MS Unnikrishnan, managing director, Thermax says the positive Index of Industrial Production (IIP) numbers are indicative of improving economic sentiment in India. Beating estimates, that expected the Index of Industrial Production (IIP) to come at 1.2 percent, the IIP for January was recorded at 2.4 percent.
"Since consumption of 5 plus percent is sufficient for us to be having an economic growth rate of 4.5-5 percent going forward or so, our fear of GDP tanking further is controlled right now," adds Unnikrishnan.
Adding to the IIP optimism, Unnikrishnan is bullish on consumption. "I was expecting that the non durable section of the consumer good would tank again further in comparison to previous month. On the contrary, it has stabilised around 5.3 percent. It is an indication that consumption is still continuing in the country," Unnikrishnan said in an interview to CNBC-TV18. Below is the edited transcript of Unnikrishnan's interview to CNBC-TV18. Q: The one number that you would be looking for in terms of capex has come in quite badly? Capital goods saw another contraction of 1.8 percent – is capex really contracting?
A: Yes it is contracting. Infact, the numbers are the effect of what has happened one year back in terms of finalisation of orders. What one needs to worry about is how much fresh orders will be coming into the book of capital goods companies in the country. Since I am privy to majority of this, there is no good news in that area. Having come across situations where medium to large ticket size contracts are finalised in recent past, either in commodity sector or in power, steel, cement sector, one still has some of them happening in small ticket size expansions of food, food processing or maybe some of those.
I would look at the numbers slightly differently. There is one good news- in the month of January we saw the electricity generation in the country increase by 6.4 percent. This means the capacity which is build-in in the earlier past, is delivering electricity demand for the country. And that is positive news.
I was expecting that the non durable section of the consumer good would tank again further in comparison to previous month. On the contrary, it has stabilised around 5.3 percent. It is an indication that consumption is still continuing in the country. If that were to take a plunge further, we would have been talking about a dooms day going forward.
Since consumption of 5 plus percent is sufficient for us to be having an economic growth rate of 4.5-5 percent going forward or so, our fear of GDP tanking further is controlled right now. I am not trying to be very optimistic but this is an indication through numbers that maybe we are at a stable level and there is a possibility for us to reverse a trend of negativity in the coming quarters.
I don’t think anybody in the country or anywhere in the world is excepting that the country where GDP growth has come down from 8 percent to 5.3 percent will automatically see an improvement in capital goods. We will have to wait and watch and we possibly need to be given time where people believe that consumption is increasing and we need to be creating capacity. Then, they will call us to finalise orders for capacity expansion. It is a long story for us.
Q: But has that decline or cut in capex from a year earlier atleast reduced?
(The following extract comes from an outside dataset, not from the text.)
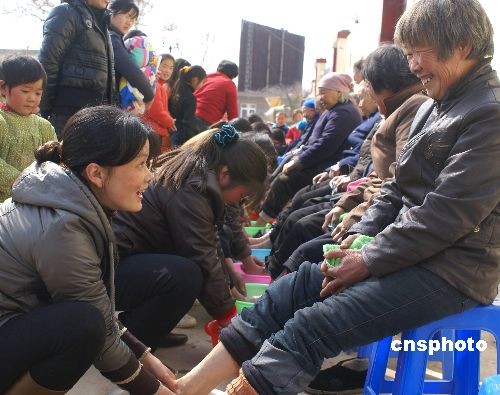 3月7日,河南省濟(jì)源市王屋鎮(zhèn)愚公村的媳婦們在為婆婆洗腳。 為迎接“三八”婦女節(jié),濟(jì)源市王屋鎮(zhèn)愚公村組織村里的媳婦為婆婆洗腳,從而提倡孝道,增進(jìn)婆媳感情,促進(jìn)農(nóng)村和諧社會建設(shè)。中新社發(fā) 平白 攝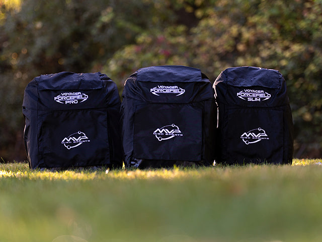 Protect your gear from the elements with the MVP Voyager Forcefield Rainfly! The Forcefield was designed for keeping your discs and equipment dry with some creative engineering for easy access. This rainfly goes on quickly and has built-in magnetic strips on the front, top, and putter flaps that self-clasps, giving your discs and accessories constant protection from the wet weather. The waterproof polyester with reinforced nylon bottom will fully cover the bag, offering protection on all sides.

A: I haven’t come across in the last two quarters any substantial large projects getting stuck. Whatever was going on is going on. The pace of implementation of projects has come down. One can’t blame that to the availability of money because credit availability is not so bad in the country for atleast core projects. However, the desire of the owner to complete the project on time, to take care of the growing market is a current issue. Everybody is taking luxurious time for execution of a project. There are no cancellations or hold up of a project.
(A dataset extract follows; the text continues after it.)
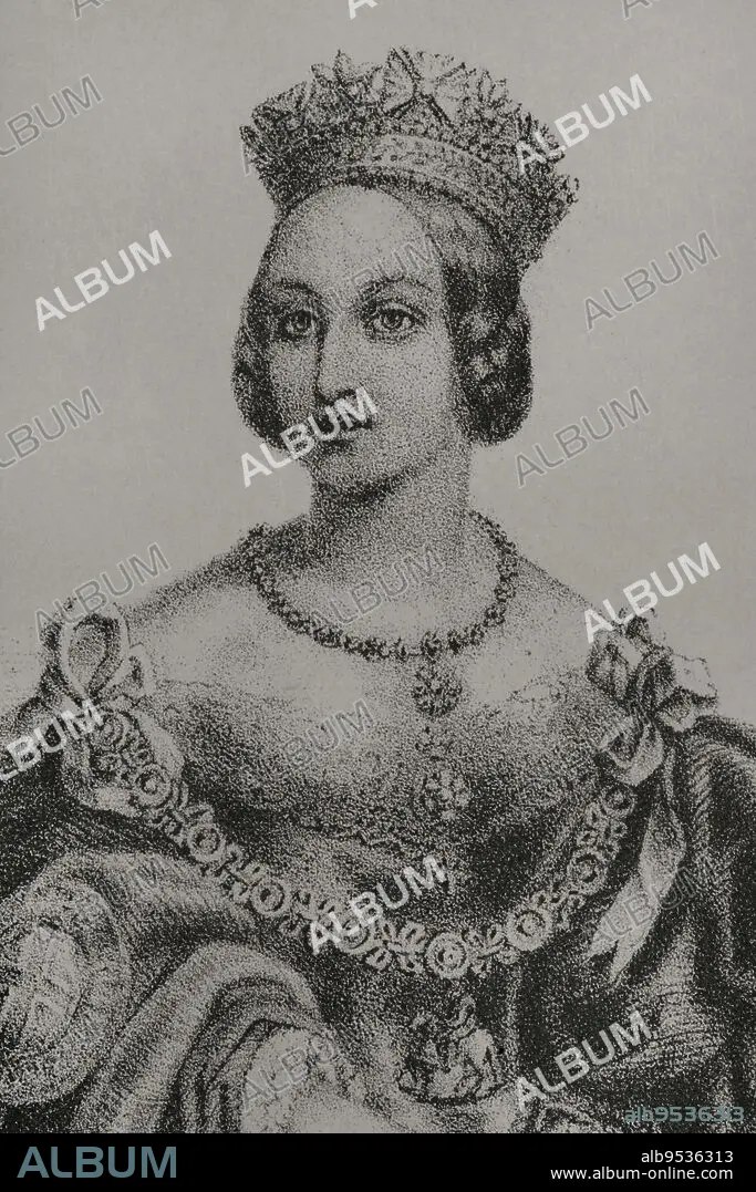 MARTÍNEZ. 19TH CENTURY SPANISH LITHOGRAPHER.. Victoria del Reino Unido (1819-1901). Reina del Reino Unido (1837-1901). Emperatriz de la India. Retrato. Litografía por Martínez. Detalle. Reyes Contemporáneos. Tomo I. Publicado en Madrid, 1855.

Then comes a new declaration. What we need to worry at this point is if we are having new projects getting declared by either the government or by the industry. One needs to worry about power sector, steel sector, cement sector, oil and gas. These are the four core industries which I would look forward to as a reversal trend indicators. In that, I haven’t seen a single larger project barring the Cochin Refinery that is declared. When one listens to any sectoral improvement in these four areas, I would say the reversal has happened. So, let us wait for it. Q: You have seen previous downturns. Do you predict any coming in, in 14 months,18 months or two years?
A: I would give an 18 month period for it. Beyond that, this economy can’t afford to be slowing down this way because we are not Europe or America. We have a population growth happening at 1.55 percent which is 20 million Indians getting added to this population of the country. They all are going to be consuming and the urbanisation is never witness by the universe. Lifestyle changes happening equals how you can contain the consumption. So, it has to grow but having reversed from 8 to 5 percent I would give them an 18 month period.